2.3. Sequence Based DNA Markers
2.3.1. Single Nucleotide Polymorphism

Variations of single nucleotide (A, T, C, G) in sequence of individual genome are known as single nucleotide polymorphism or SNPs [26]. These may occur in the noncoding, coding and intergenic regions of the genome, so allowing the detection of the genes due to the variations in the sequences of nucleotides [26, 90] and these are either nonsynonymous or synonymous within the coding regions of the genome. Synonymous changes can alter mRNA splicing that result the changes in the phenotype of an individual [91].
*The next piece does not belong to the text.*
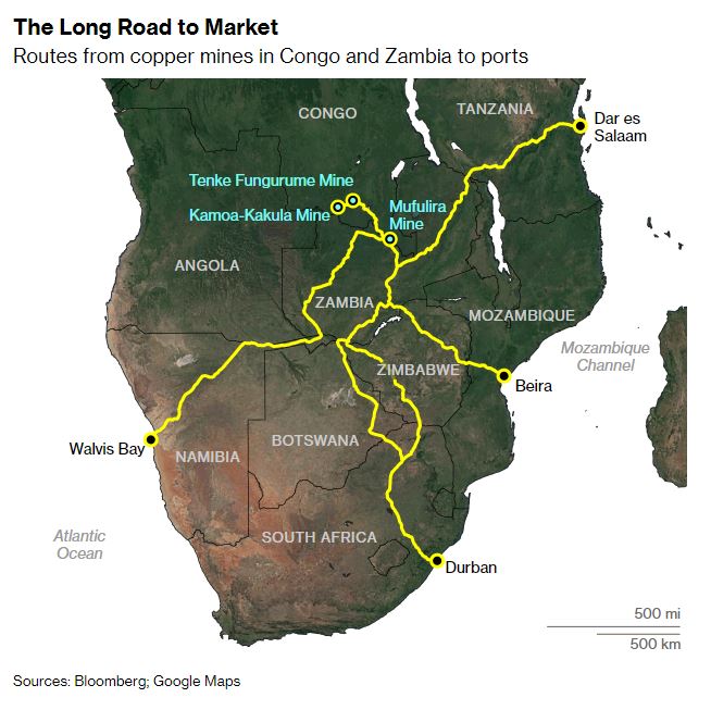 在横跨刚果和赞比亚的铜带开采的矿业公司传统上将他们的金属通过卡车运输到南非的德班港。这段旅程可能需要一个多月的时间。洛比托承诺将把旅行时间缩短到不到一周,到达一个更靠近美国和欧盟的大西洋港口。这两个大国都在财政上支持该项目,作为他们努力抵制中国在该地区的重大影响力的一部分。

SNP markers are important tool for linkage mapping, map based cloning and marker assisted selection due to the high level of polymorphism. The codominant nature of SNPs makes these markers able to distinguish the heterozygous and homozygous alleles [92]. Narrow genetic base and allotetraploid genome has made the discovery of SNPs difficult in cotton [93]. Recently, use of high throughput sequencing techniques have made it possible to detect great numbers of SNP markers [94, 95], including organisms with limited molecular studies [96, 97] and organisms with slight genetic variation such as cotton [85]. In cotton, many researches have been conducted to observe diversity, characterization and mapping of SNPs in the nucleotide sequence of Gossypium genome [98, 99]. Recently, an international collaborative effort has developed 70 K SNP chip based on Illumina Infinium genotyping assay (Unpublished data; http://www.cottongen.org/node/1287616). This high-throughput genotyping assay will be a resource that will be used globally by public and private breeders, geneticists, and other researchers to enhance cotton genetic analysis, breeding, genome sequence assembly, and many other uses. Similarly, Gene Chip cotton genome array comprising of 239777 probe sets representing 21485 cotton transcripts has been developed and under validation step before commercially available by Affymetrix (http://www.affymetrix.com/products_services/arrays/specific/cotton.affx). The sequences used for SNP chip development were selected from GenBank, dbEST and RefSeq contributed by the collaborators globally. These high-throughput technologies will be helpful for fine mapping and subsequent gene discovery for important economic traits in cotton. Additionally, these resources will provide foundations to initiate genomic selection studies in cotton, ultimately enhancing genetic gain from breeding.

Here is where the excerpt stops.